Purpose: Galactosemia is a rare inborn error of galactose metabolism. There are several forms, the most severe being classic galactosemia (CG), which begins in the first few days of life. Nowadays, it is possible to screen CG at birth, averting acute decompensation or death through diet. Although early dietary interventions help manage acute symptoms, long-term complications still occur, particularly primary ovarian insufficiency (POI) in female patients. This systematic review aims to synthesize existing literature on the relationship between galactosemia and POI, exploring the underlying mechanisms of pathophysiology, hormonal balance, metabolic control, fertility, and management.

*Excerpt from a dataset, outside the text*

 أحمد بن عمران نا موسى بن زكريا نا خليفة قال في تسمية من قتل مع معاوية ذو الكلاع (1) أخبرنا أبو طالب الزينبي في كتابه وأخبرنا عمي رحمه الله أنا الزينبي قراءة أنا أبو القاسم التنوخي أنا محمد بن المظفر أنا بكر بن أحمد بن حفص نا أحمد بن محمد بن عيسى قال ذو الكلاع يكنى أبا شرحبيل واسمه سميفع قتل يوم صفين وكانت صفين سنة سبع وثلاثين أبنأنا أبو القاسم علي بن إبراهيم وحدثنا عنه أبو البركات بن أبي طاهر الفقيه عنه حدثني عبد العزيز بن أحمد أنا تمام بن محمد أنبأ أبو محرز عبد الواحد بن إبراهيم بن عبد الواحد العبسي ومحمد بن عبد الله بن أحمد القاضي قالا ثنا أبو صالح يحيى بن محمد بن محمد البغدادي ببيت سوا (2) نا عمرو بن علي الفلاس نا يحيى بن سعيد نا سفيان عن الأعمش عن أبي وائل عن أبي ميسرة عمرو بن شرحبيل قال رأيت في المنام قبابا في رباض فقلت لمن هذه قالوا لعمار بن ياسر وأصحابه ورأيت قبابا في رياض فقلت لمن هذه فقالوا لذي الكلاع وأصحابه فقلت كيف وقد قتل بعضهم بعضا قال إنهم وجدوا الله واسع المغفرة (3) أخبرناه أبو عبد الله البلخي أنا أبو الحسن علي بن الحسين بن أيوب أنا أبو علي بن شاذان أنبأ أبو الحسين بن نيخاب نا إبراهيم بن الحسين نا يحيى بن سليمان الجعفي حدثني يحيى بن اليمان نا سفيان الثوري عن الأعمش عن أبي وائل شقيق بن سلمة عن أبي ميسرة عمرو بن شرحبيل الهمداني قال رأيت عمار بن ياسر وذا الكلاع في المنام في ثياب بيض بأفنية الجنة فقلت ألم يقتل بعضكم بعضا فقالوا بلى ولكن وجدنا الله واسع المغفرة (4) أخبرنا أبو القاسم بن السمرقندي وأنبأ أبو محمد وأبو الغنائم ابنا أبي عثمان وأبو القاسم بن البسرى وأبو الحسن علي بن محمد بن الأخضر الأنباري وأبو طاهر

Methods: We performed a systematic review according to the Preferred Reporting Items for Systematic Reviews and Meta-analyses and PROSPERO. We queried the SCOPUS and PubMed databases using individual keywords and MeSH terms.

Results: Despite various proposed mechanisms, such as FSH dysfunction and the accumulation of galactose-1-phosphate, the exact cause of POI remains unclear, with studies showing variable correlations between genotype, galactose levels, and ovarian function. Monitoring AMH in prepubertal galactosemia patients may predict POI. Early estrogen replacement therapy, calcium supplementation, and strategies to improve galactosylation should be considered to enhance bone mineralization, given the impact of hypogonadism and low calcium intake on bone density in these patients. The course of POI in women with CG is unpredictable, with recent studies showing that nearly 30% of those attempting to conceive succeeded within a year, a rate that increases to almost 50% after two years.

Conclusion: Despite advancements in understanding and managing CG, POI remains a significant clinical challenge, necessitating ongoing research and a multidisciplinary approach to enhance the long-term health of affected individuals.